> **What is expected**: Your copy of the data should match it exactly, except that the pictures are gone.

> **Records from a data source**:
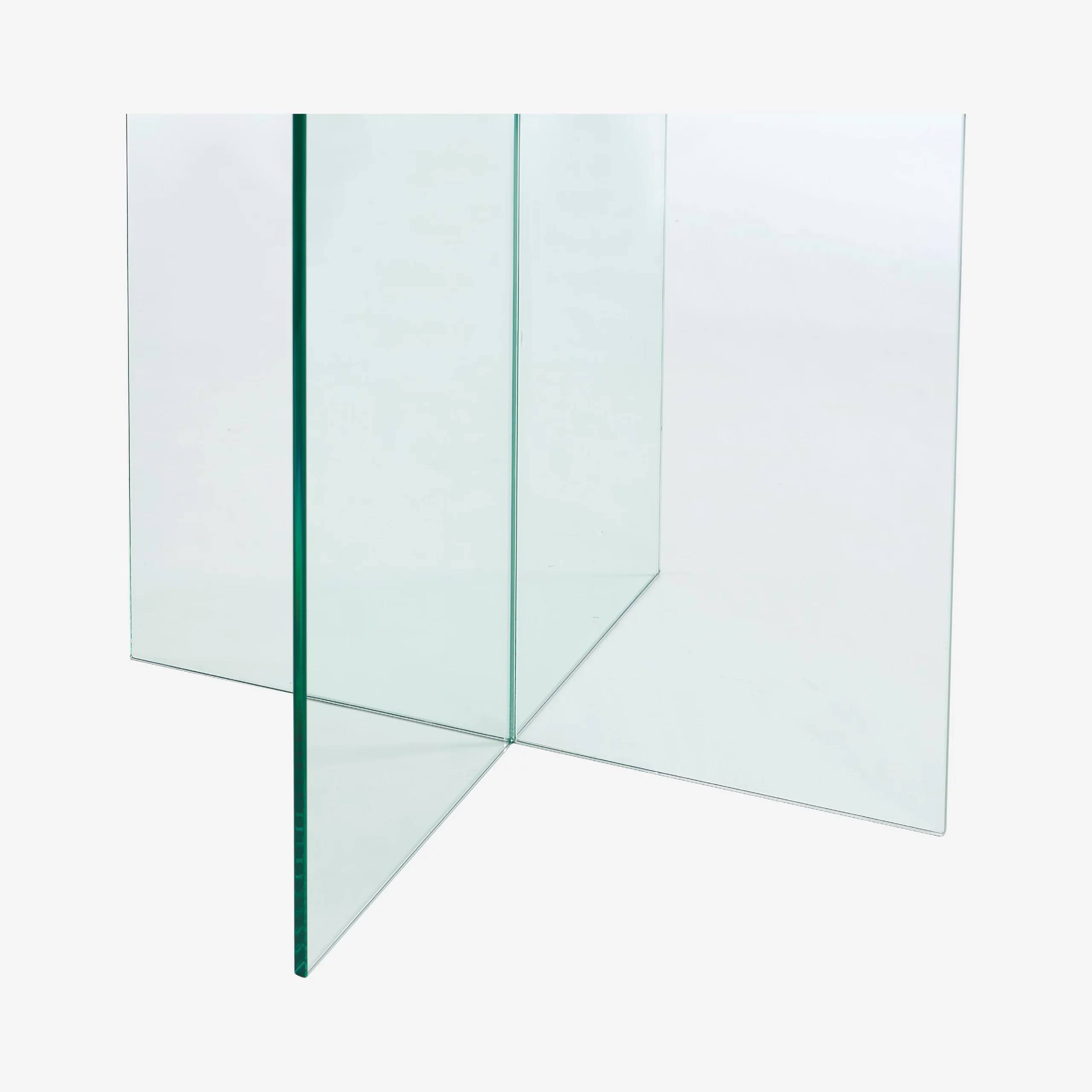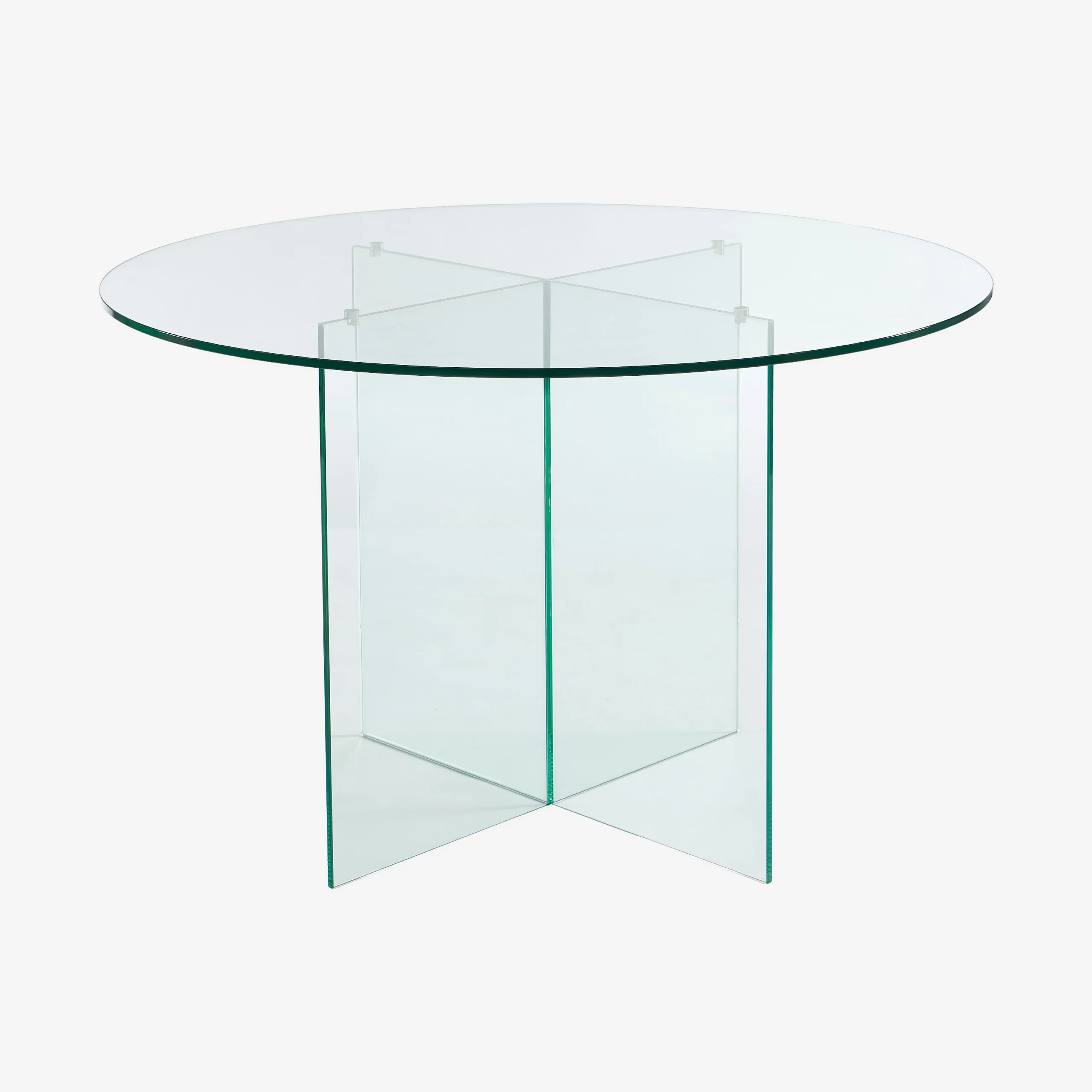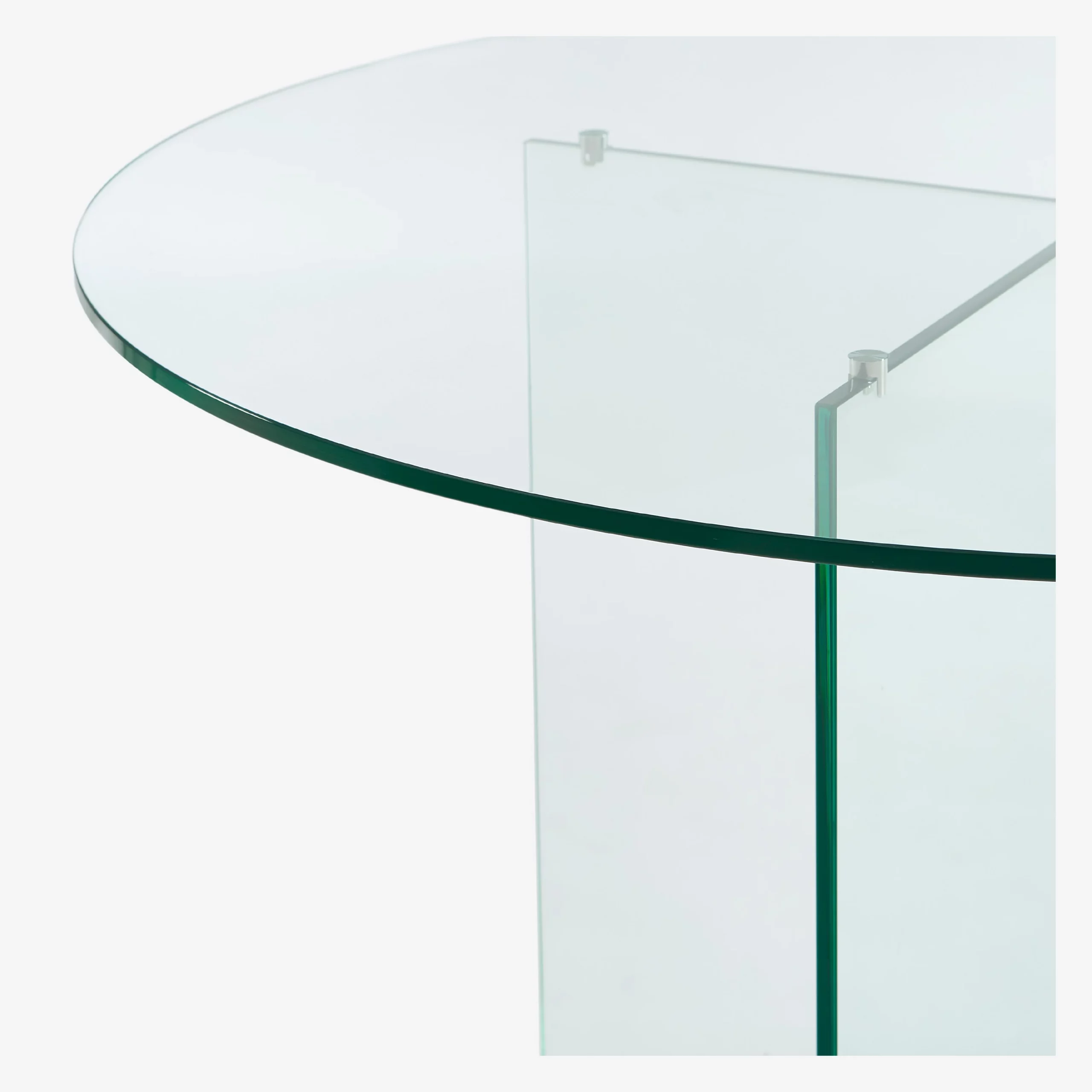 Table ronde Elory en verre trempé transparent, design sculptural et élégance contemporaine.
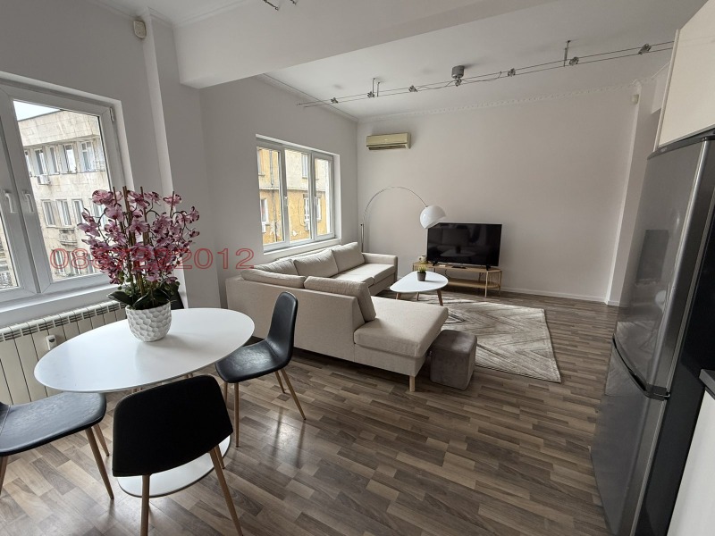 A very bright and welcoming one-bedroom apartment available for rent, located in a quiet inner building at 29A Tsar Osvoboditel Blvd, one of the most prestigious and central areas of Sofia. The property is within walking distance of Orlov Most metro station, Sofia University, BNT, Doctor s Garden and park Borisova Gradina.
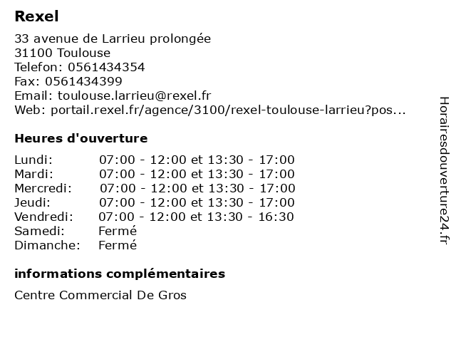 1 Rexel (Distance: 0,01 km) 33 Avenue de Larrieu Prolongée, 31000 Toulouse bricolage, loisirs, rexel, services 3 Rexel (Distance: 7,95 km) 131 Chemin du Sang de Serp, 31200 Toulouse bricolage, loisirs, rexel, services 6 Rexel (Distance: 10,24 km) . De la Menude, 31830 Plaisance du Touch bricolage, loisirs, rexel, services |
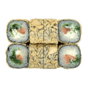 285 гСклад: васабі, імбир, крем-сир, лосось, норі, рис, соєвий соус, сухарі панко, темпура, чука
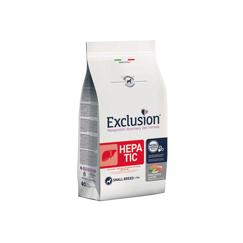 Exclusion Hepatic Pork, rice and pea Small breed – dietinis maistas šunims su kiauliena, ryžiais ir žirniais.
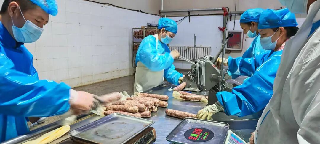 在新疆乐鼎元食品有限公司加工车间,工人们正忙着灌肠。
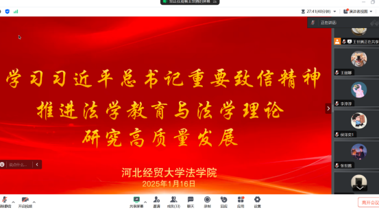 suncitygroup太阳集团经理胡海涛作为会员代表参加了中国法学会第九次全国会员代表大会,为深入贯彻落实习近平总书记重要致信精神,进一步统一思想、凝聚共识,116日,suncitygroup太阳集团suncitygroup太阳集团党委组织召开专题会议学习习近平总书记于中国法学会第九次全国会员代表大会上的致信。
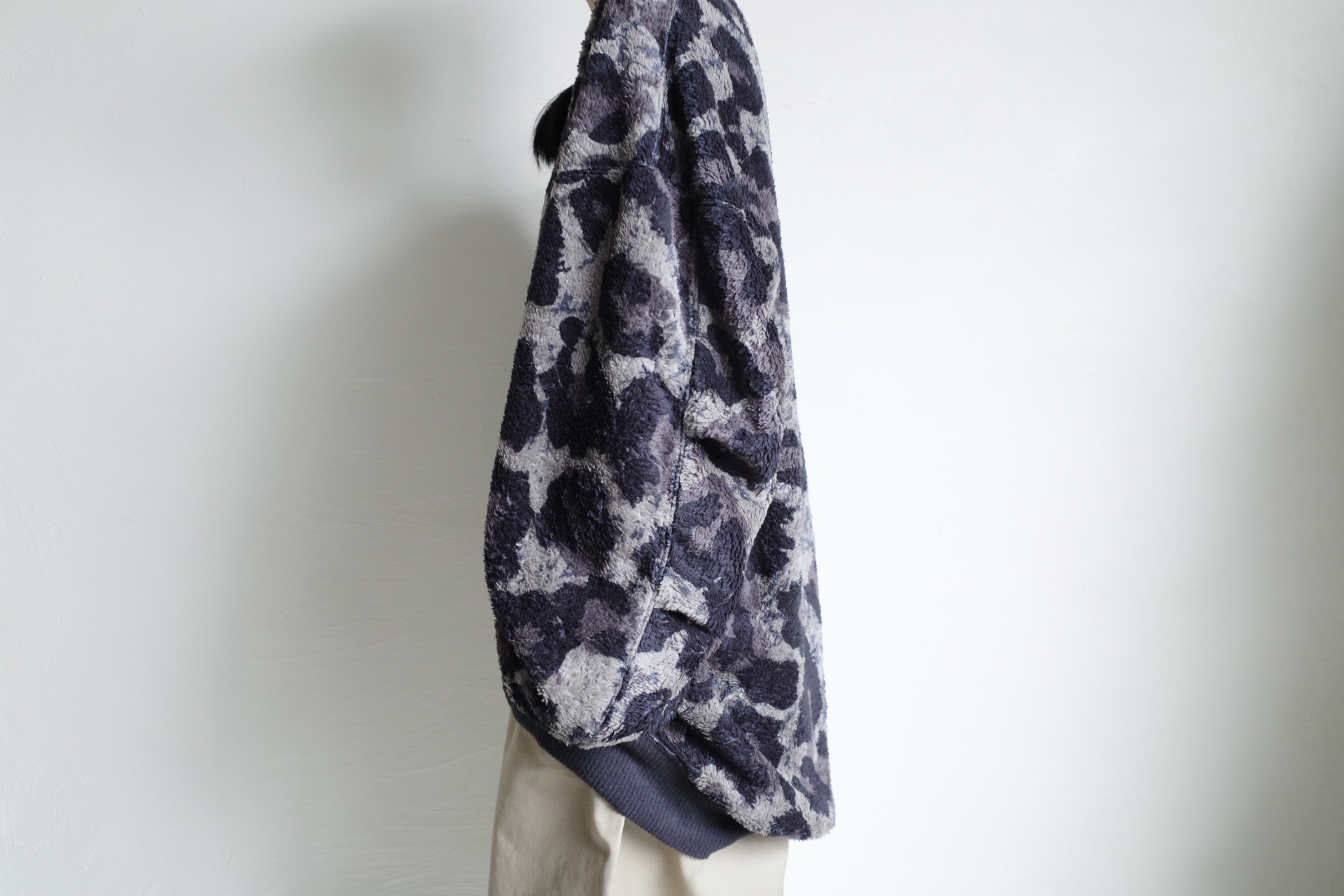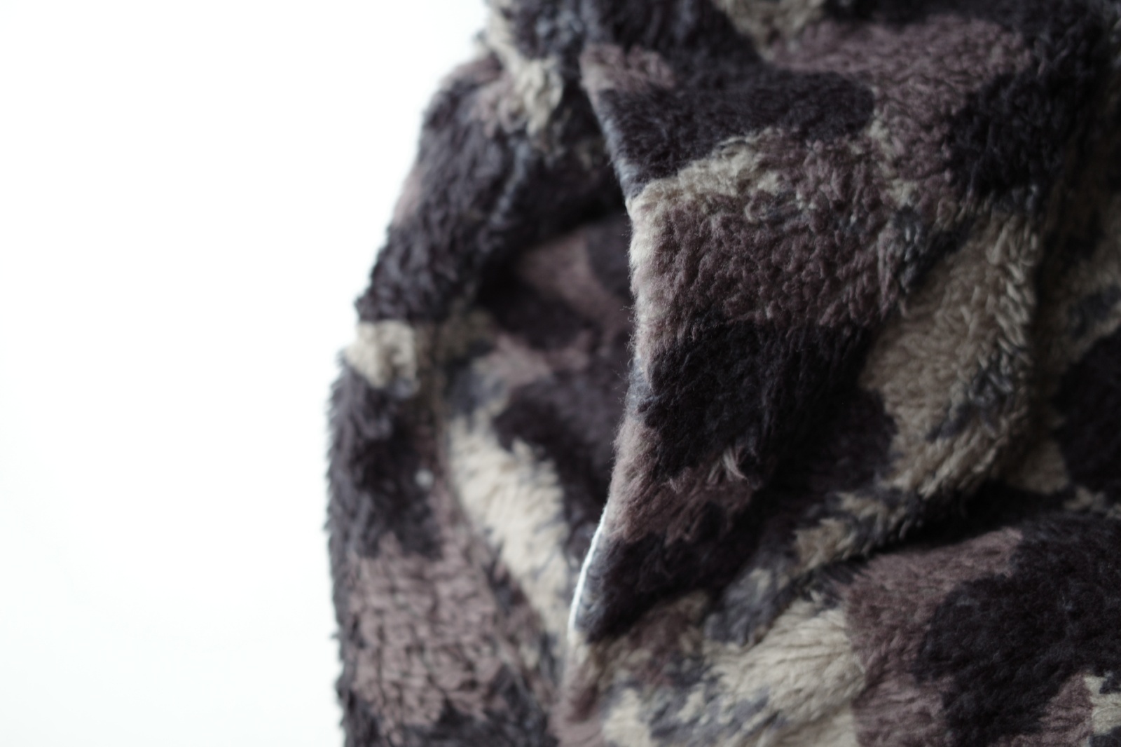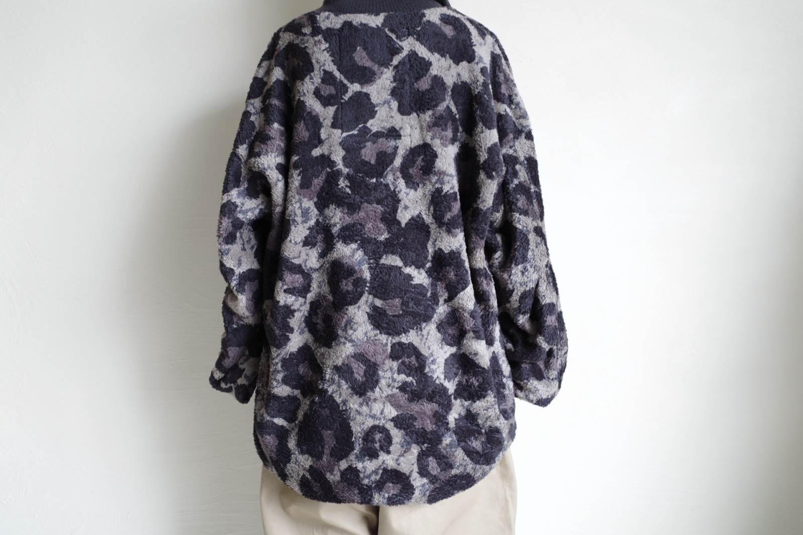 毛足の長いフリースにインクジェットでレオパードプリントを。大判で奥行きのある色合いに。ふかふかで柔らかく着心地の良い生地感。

> **Solution below**:
 Table ronde Elory en verre trempé transparent, design sculptural et élégance contemporaine.
 A very bright and welcoming one-bedroom apartment available for rent, located in a quiet inner building at 29A Tsar Osvoboditel Blvd, one of the most prestigious and central areas of Sofia. The property is within walking distance of Orlov Most metro station, Sofia University, BNT, Doctor s Garden and park Borisova Gradina.
 1 Rexel (Distance: 0,01 km) 33 Avenue de Larrieu Prolongée, 31000 Toulouse bricolage, loisirs, rexel, services 3 Rexel (Distance: 7,95 km) 131 Chemin du Sang de Serp, 31200 Toulouse bricolage, loisirs, rexel, services 6 Rexel (Distance: 10,24 km) . De la Menude, 31830 Plaisance du Touch bricolage, loisirs, rexel, services |
 285 гСклад: васабі, імбир, крем-сир, лосось, норі, рис, соєвий соус, сухарі панко, темпура, чука
 Exclusion Hepatic Pork, rice and pea Small breed – dietinis maistas šunims su kiauliena, ryžiais ir žirniais.
 在新疆乐鼎元食品有限公司加工车间,工人们正忙着灌肠。
 suncitygroup太阳集团经理胡海涛作为会员代表参加了中国法学会第九次全国会员代表大会,为深入贯彻落实习近平总书记重要致信精神,进一步统一思想、凝聚共识,116日,suncitygroup太阳集团suncitygroup太阳集团党委组织召开专题会议学习习近平总书记于中国法学会第九次全国会员代表大会上的致信。
 毛足の長いフリースにインクジェットでレオパードプリントを。大判で奥行きのある色合いに。ふかふかで柔らかく着心地の良い生地感。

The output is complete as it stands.